Dental hygienists are well positioned to identify, treat, and refer patients who present with suspected or confirmed EDS signs and symptoms.

This course was published in the February 2018 issue and expires February 2021. The authors have no commercial conflicts of interest to disclose. This 2 credit hour self-study activity is electronically mediated.


After reading this course, the participant should be able to:

  1. Describe and define Ehlers-Danlos syndrome.
  2. Discuss the diagnosis of EDS.
  3. Identify the oral health issues that may present in patients with EDS.

Ehlers-Danlos syndrome (EDS) represents a rare group of inherited connective tissue disorders involving the biosynthesis of collagen—the major protein building material in the body.1–3 EDS is a multisystemic disorder affecting patients both physically and psychologically with a wide range of symptoms. The most common manifestations include hyperelasticity of the skin (Figure 1A), hypermobility (Figure 1B) and joint pain, frail soft tissue with bruising and scarring, and chronic fatigue.1,4–7,8

Due to advances in genotyping, gene mutations have been isolated in many types of EDS, supporting the theory that an inheritable factor exists in this rare disorder.3,9–13 Identification through genetic testing is not always definitive; therefore, systemic and oral manifestations are helpful in establishing an EDS diagnosis.

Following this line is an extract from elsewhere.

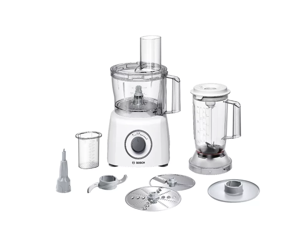 MultiTalent 3 - компактен и многостранен кухненски помощник с повече от 30 функции. Превръща готвенето в детска игра. Мощен мотор: бърза и лесна обработка с две настройки на скоростта и импулсна функция. Повече от 30 функции: включени аксесоари за нарязване, настъргване и смесване. Прозрачна пластмасова купа 2,3 л за 500 g брашно + добавки (макс.количество тесто) вкл.капак с тапа. Практично: аксесоарите се прибират в купата и по този начин уредът е винаги готов за работа. Благодарение на разбираеми обозначения аксесоарите се монтират бързо и лесно. Аксесоари, подходящи за миене в съдомиялна машина: лесно и комфортно почистване.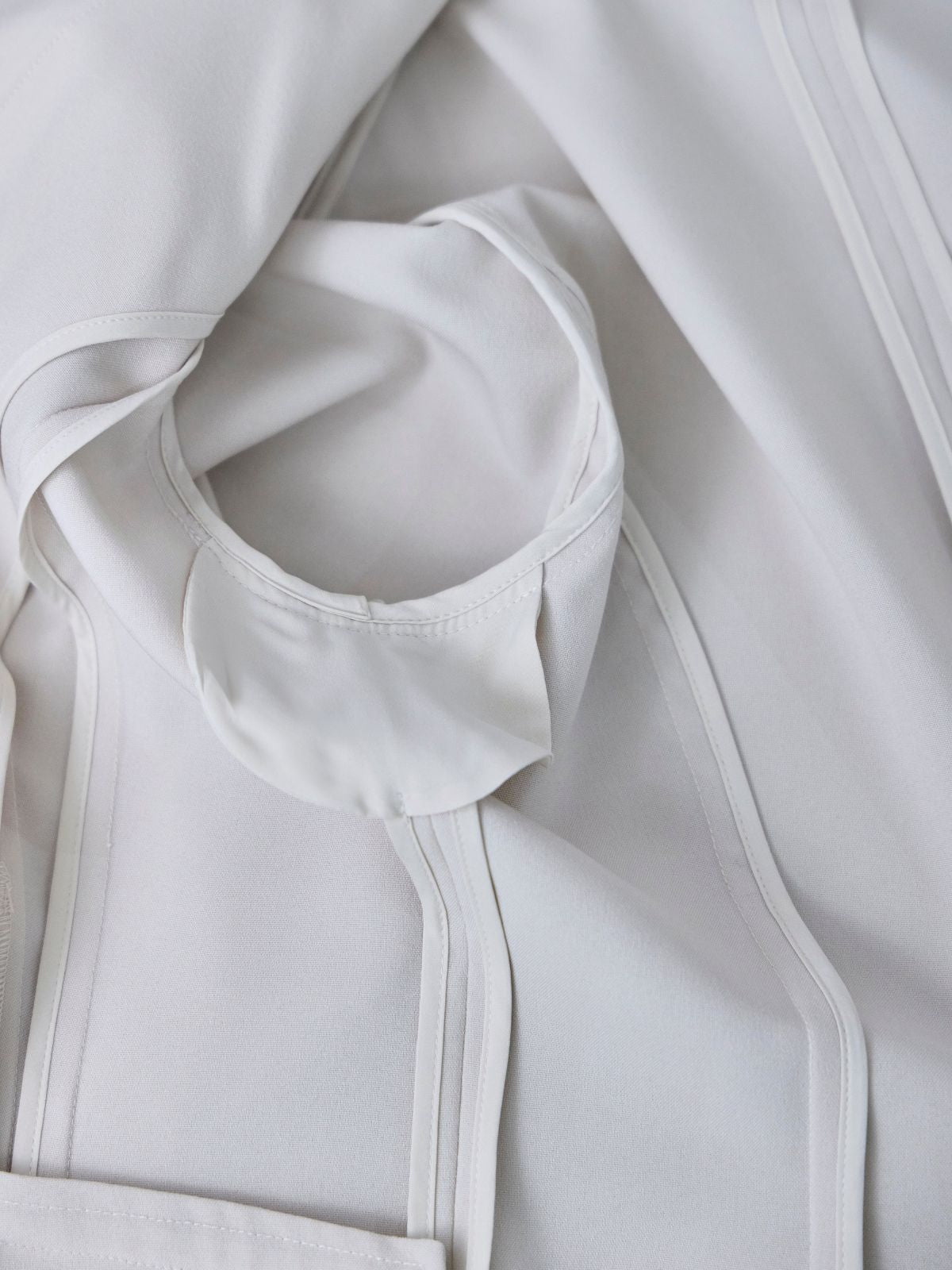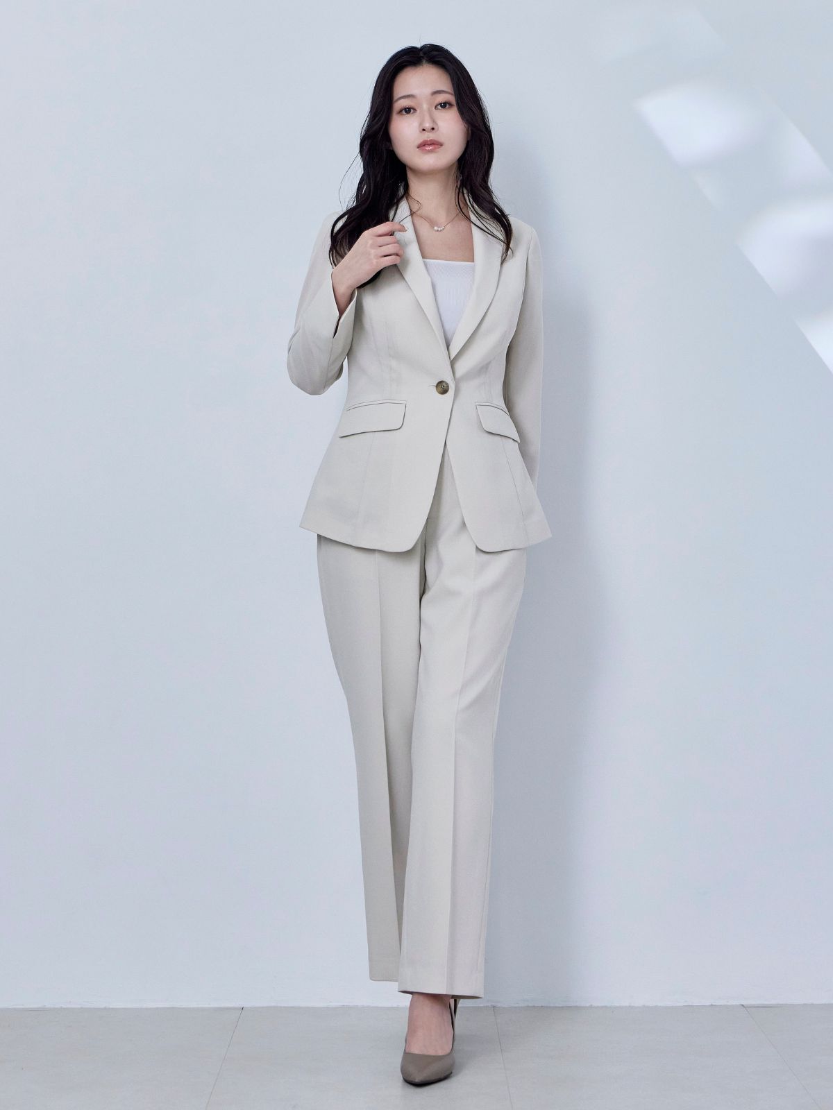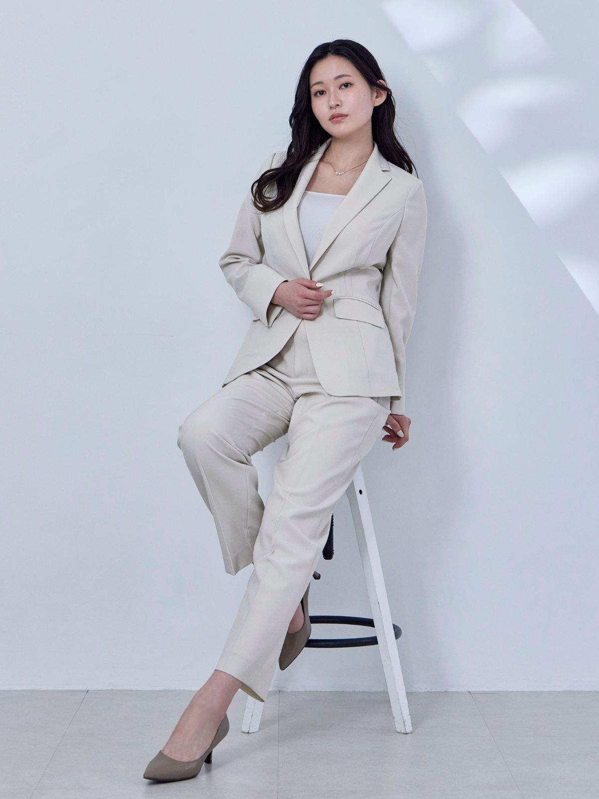 仕事用にネイビーを購入しました。 艶感のある上質な生地なので重たく見えませんし、ループタイプなので忙しい朝でも形がきれいに決まるのが嬉しいです。 「ツイードライクマーメイドワンピース(ネイビー)」と合わせていますが、重ねてももたつかずシルエットがきれいにまとまります。1枚で着ても形が美しく着回し力も高いと思います。これからもたくさん着たいです。

Patients can experience a variety of oral signs and symptoms that may be related to EDS. Different degrees of fragile mucosa, temporomandibular joint (TMJ) pain and dislocations, extensive bleeding on probing, early-onset, severe periodontitis, and premature tooth loss are some of the many oral complications.1,3–6,9,13 Dental hygienists are in a unique position to identify, treat, and refer patients who present with suspected or confirmed EDS.4,5,14 Dental hygiene treatment planning must cautiously consider and address each symptom in order to provide safe oral care. Validating patient concerns and providing dental hygiene care and referral to other health care providers may support well-being for this patient population.2


The prevalence of EDS worldwide is estimated to be one in 5,000 people.2,4,5,7,12,15 All races and ethnicities are affected, with an equal distribution noted between men and women.1,2,4–5 While the most predominant types are classical and hypermobility, the most serious type is vascular, which can be life-threatening.11 Vascular EDS is rare with an estimated prevalence of one in 250,000 people.15

EDS alters collagen type I, III, and V formation—the primary collagen in the lamina propria—and can subsequently weaken gingival tissue.1,4,13 Cementum also contains collagen, so new cementum formation and gingival re-attachment may be delayed in periodontal diseases associated with EDS.1 In addition, collagen types I, III, and V are found in the tooth dentin and pulp, bone, mucosa, periodontal ligament, and TMJ, so any one of these structures could ultimately be affected by EDS.1,3,4

Table 1 describes the six major types of EDS.4,9,10,15,16 Vascular EDS can be fatal by causing the rupture of arterial and gastrointestinal walls.2,10,17 Additionally, complications associated with vascular EDS affect not only the vascular system—causing internal bleeding and stroke—but they can also cause the uterus to rupture during pregnancy.11,15 Joint hypermobility and skin elasticity are typical traits for most types of EDS, but they are not always present. Acute and chronic joint and/or limb pain are also common symptoms.1,5,18 Murray et al10 surveyed more than 400 adults with hypermobility-type EDS and found that the majority reported joint and limb pain, hypermobility, chronic fatigue, anxiety, and depression.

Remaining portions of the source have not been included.